Additionally, in 2002, Congress enacted CERCLA’s “bona fide prospective purchaser” defense, which is designed specifically for subsequent purchasers and requires that they plead and prove 1) that they are prima facie liable under CERCLA solely by virtue of their status as a “current owner or operator” of a facility; 2) that all “disposals” of hazardous substances at their facility occurred prior to their acquisition of their facility; 3) that, prior to acquisition of their facility, they performed all appropriate inquiries; 4) that they have made all required notices relating to the contamination at their facility; 5) that they have exercised “appropriate care” with respect to hazardous substances found at their facility by a) taking reasonable steps to stop any continuing release, b) preventing any threatened future release, and c) preventing or limiting human, environmental, or natural resource exposure to any previously released hazardous substance; 6) that they have provided full cooperation, assistance, and access to persons that are authorized to conduct response actions or natural resource restoration at their facility; 7) that they are in compliance with any land use restrictions established or relied on in connection with a cleanup at their facility, and that they have not impeded the effectiveness or integrity of any institutional control employed at their facility in connection with a cleanup; 8) that they have complied with any EPA requests for information or administrative subpoenas issued under CERCLA; 9) that they have no familial, financial, or corporate affiliation with any other responsible party; and 10) that they have not impeded the performance of a response action or natural resource restoration.

If the third-party defense is construed in a manner that does not effectuate the due diligence requirement, it is virtually impossible for a person to qualify for this “bona fide prospective purchaser” defense without first satisfying the less burdensome requirements of the third-party defense.16 For this reason, refusing to ignore the third-party defense’s “occurs in connection with” language not only renders the innocent landowner provision meaningless; it also renders the bona fide prospective purchaser defense unnecessary.

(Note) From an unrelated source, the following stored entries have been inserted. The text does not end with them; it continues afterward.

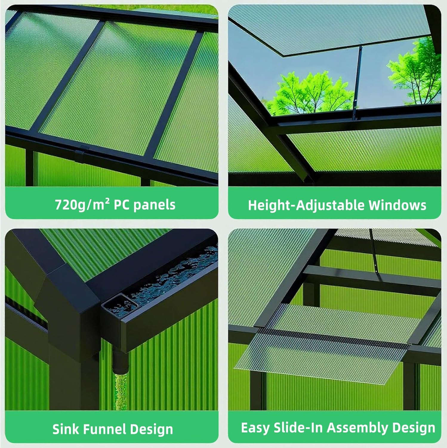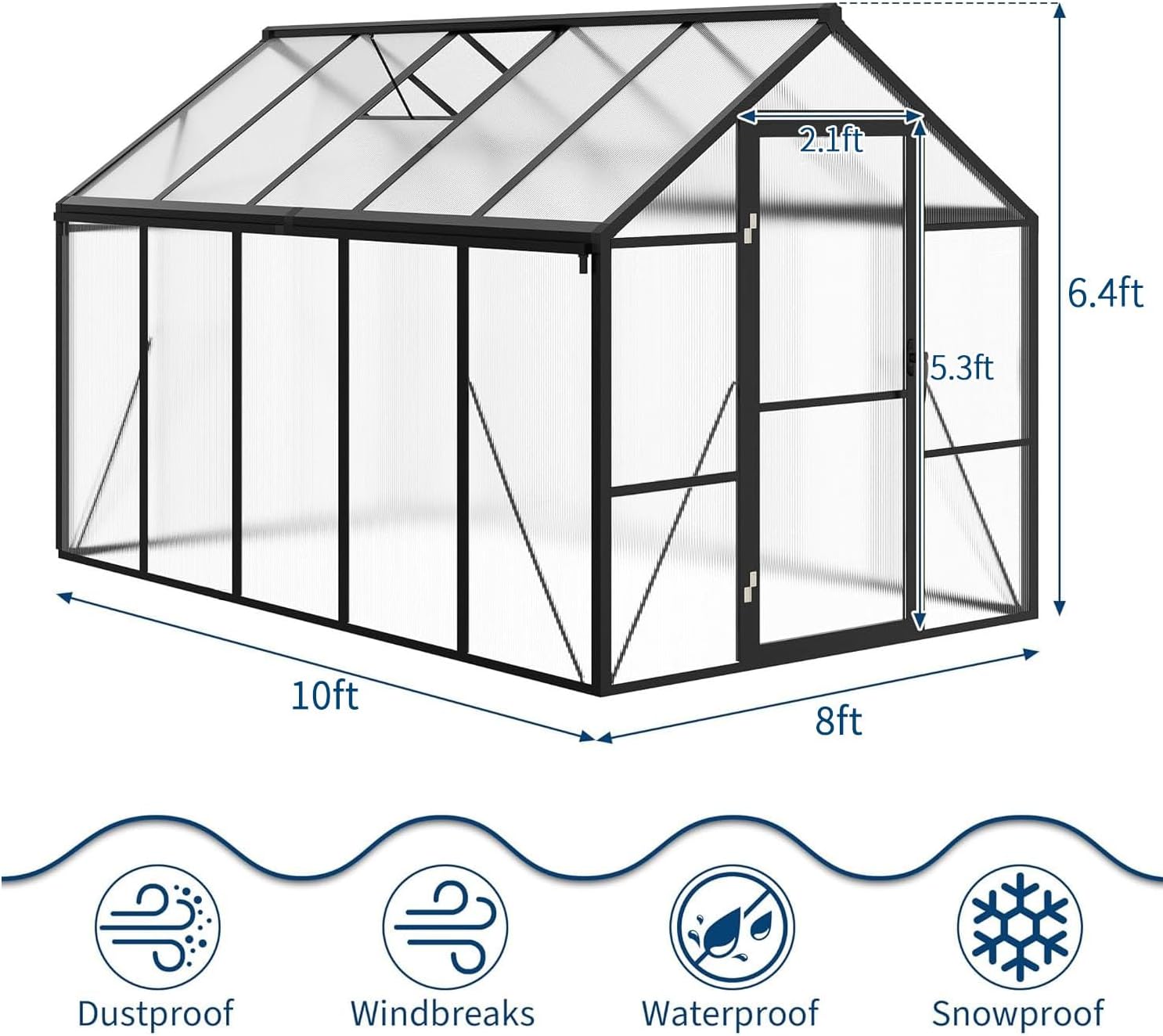 • Superior ventilation and spacious layout define this thoughtfully designed structure. Dual roof vents and a wide lockable door promote exceptional air circulation, while the generous 8x10FT interior accommodates multiple planting tiers, hanging baskets, and shelving units. This green houses for outside offers both vertical and horizontal space optimization for cultivating everything from seedlings to mature crops.
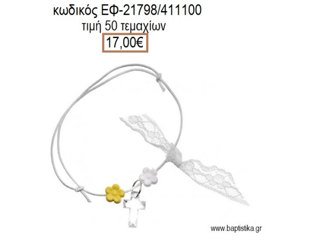 ΜΑΡΤΥΡΙΚΟ ΒΑΠΤΙΣΗΣ ΒΡΑΧΙΟΛΙ ΧΡΩΜΑ ΛΕΥΚΟ ΜΕ ΔΙΑΦΑΝΟ ΣΤΑΥΡΟ ΚΑΙ ΜΑΡΓΑΡΙΤΕΣ ΕΦ-21798/411100 17.00€!!!
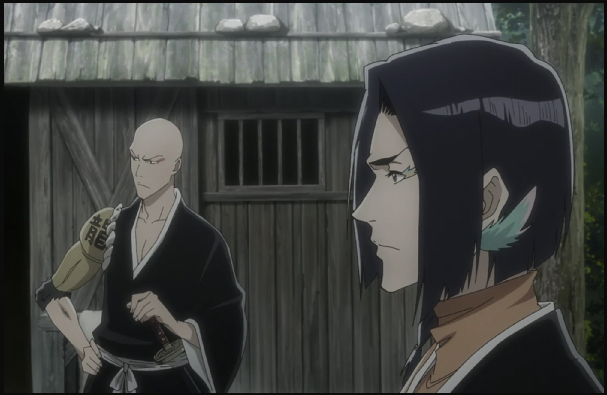 - Spirits missing from the Gotei 13 – In the west 64th district of the Rukongai, 11th Division 5th Seat Yumichika Ayasegawa comes to a halt in a village and muses that there really is no one here while 3rd Seat Ikkaku Madarame asserts that no one from the Rukongai could simply disappear under the Gotei 13’s surveillance, leading Yumichika to note that there were still a few left when they received the report. When Yumichika comments on the entire village disappearing like this being almost supernatural, Ikkaku refuses to accept such an explanation prior to one of the subordinates bringing them to a set of footprints in the dirt that converge and suddenly cease. After confirming Ikkaku’s observation that there are only marks of bare feet and sandals, Yumichika deduces that the residents of this village abducted each other. While these two have no clue what is happening.. I am sure that at least 2 people have figured out what is going on here. (Bleach characters tend to have long histories and know why things are occurring without letting us know.) Mayuri views a large screen displaying several zones of the Rukongai marked as clear.

Thus, by incorrectly assuming that the mere existence of any contractual relationship between a subsequent purchaser and previous owner would, in and of itself, bar any subsequent purchaser’s third-party defense, Congress created a conundrum in which courts are forced to either a) deviate from the clear and unambiguous terms of the third-party defense itself or b) render other, related provisions meaningless and unnecessary. Given that the rules of statutory construction sanction neither of these options,17 it should come as no surprise that the courts have split on the issue. The courts refusing to ignore the “occurs in connection with” language (and thereby refusing to effectuate the due diligence requirement) include the Second and Sixth circuits,18 the Northern District of Florida,19 and the Eastern District of Pennsylvania,20 while the courts effectuating the “contractual relationship” definition (and, in turn, the due diligence requirement) include the Ninth Circuit,21 the District of Rhode Island,22 the District of South Carolina,23 and the Eastern District of Virginia.24

A Solution
To rid CERCLA of this patent flaw, Congress should abandon its original idea of creating a due diligence requirement through a definition and, instead, simply add this requirement as another element to the defense itself. The third-party defense currently reads as follows:

(b) There shall be no liability . . . for a person otherwise liable who can establish by a preponderance of the evidence that the release or threat of release of a hazardous substance and the damages resulting therefrom were caused solely by… (3) an act or omission of a third party other than an employee or agent of the defendant, or than one whose act or omission occurs in connection with a contractual relationship, existing directly or indirectly, with the defendant . . . , if the defendant establishes by a preponderance of the evidence that (a) he exercised due care with respect to the hazardous substance concerned, taking into consideration the characteristics of such hazardous substance, in light of all relevant facts and circumstances, and (b) he took precautions against foreseeable acts or omissions of any such third party and the consequences that could foreseeably result from such acts or omissions.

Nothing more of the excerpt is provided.